** Required work **
Set down again exactly the lines of the listing below that fall between the line holding "Изменения вступят в" and the line holding "Blå enkeltspent blazer", inclusive.

─── Data provided

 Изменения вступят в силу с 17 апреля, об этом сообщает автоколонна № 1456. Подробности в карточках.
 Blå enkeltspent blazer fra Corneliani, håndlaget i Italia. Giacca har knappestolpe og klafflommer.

──────
─── Data provided

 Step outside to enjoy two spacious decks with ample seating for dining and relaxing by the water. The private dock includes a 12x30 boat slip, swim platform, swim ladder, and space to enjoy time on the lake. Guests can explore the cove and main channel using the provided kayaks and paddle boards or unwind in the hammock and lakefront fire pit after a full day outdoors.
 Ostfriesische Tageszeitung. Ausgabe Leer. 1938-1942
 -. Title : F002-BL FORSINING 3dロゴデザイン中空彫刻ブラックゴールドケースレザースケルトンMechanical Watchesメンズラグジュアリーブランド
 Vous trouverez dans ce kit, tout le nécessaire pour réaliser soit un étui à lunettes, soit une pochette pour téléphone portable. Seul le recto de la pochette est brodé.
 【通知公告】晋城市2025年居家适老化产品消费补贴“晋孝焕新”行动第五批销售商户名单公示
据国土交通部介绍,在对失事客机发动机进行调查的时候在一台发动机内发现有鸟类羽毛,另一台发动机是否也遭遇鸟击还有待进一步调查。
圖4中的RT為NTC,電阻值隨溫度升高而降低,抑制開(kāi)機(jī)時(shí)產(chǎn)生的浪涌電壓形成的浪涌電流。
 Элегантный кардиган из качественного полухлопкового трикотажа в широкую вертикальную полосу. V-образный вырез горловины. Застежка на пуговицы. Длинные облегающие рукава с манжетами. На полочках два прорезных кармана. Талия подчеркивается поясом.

──────
─── Data provided

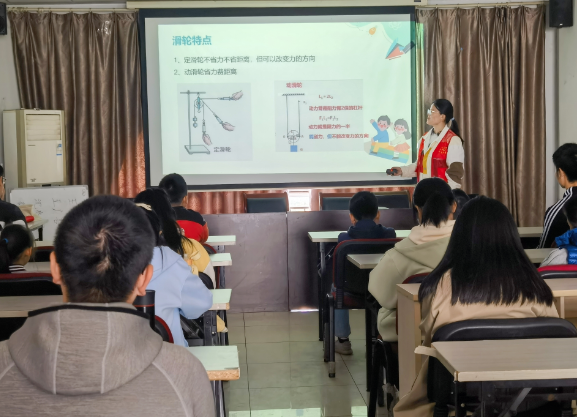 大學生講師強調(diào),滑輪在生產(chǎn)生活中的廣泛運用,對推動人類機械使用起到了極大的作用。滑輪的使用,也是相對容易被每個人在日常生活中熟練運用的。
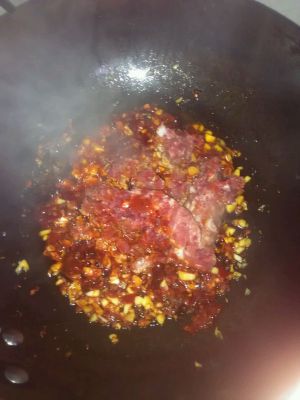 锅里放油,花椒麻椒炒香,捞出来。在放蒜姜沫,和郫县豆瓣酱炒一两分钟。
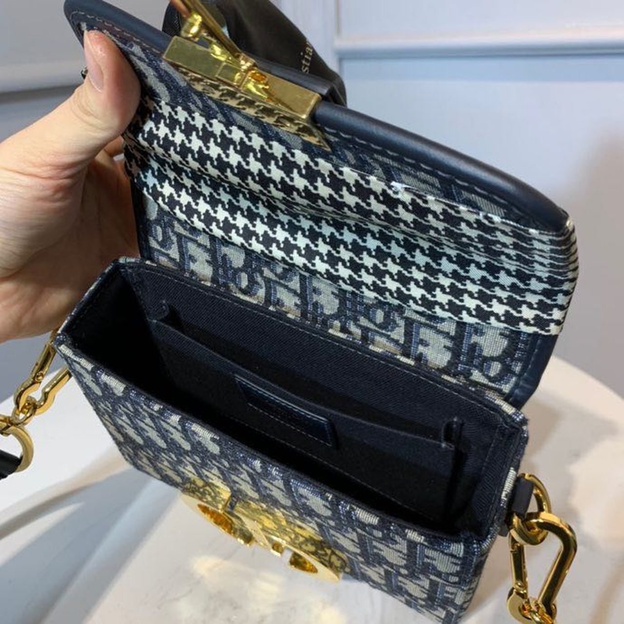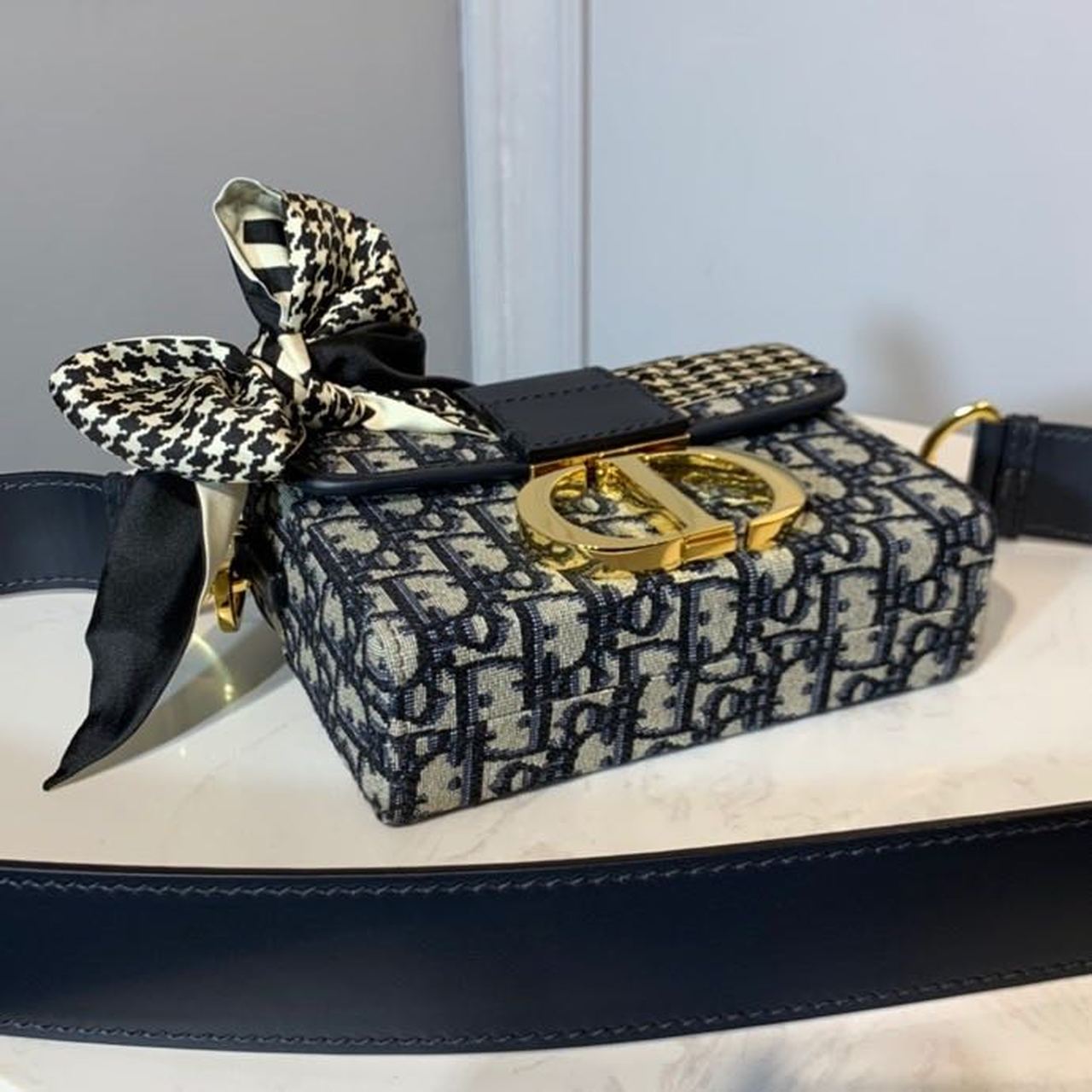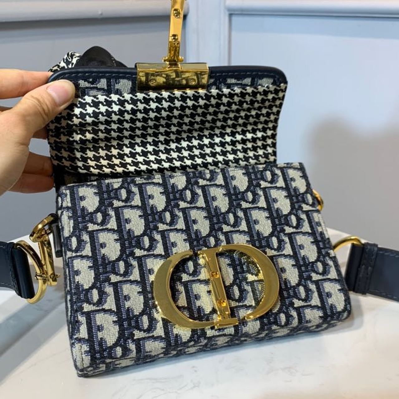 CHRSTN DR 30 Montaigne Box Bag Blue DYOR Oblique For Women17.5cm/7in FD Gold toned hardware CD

──────

** Solution to this exercise **
 Изменения вступят в силу с 17 апреля, об этом сообщает автоколонна № 1456. Подробности в карточках.
 Blå enkeltspent blazer fra Corneliani, håndlaget i Italia. Giacca har knappestolpe og klafflommer.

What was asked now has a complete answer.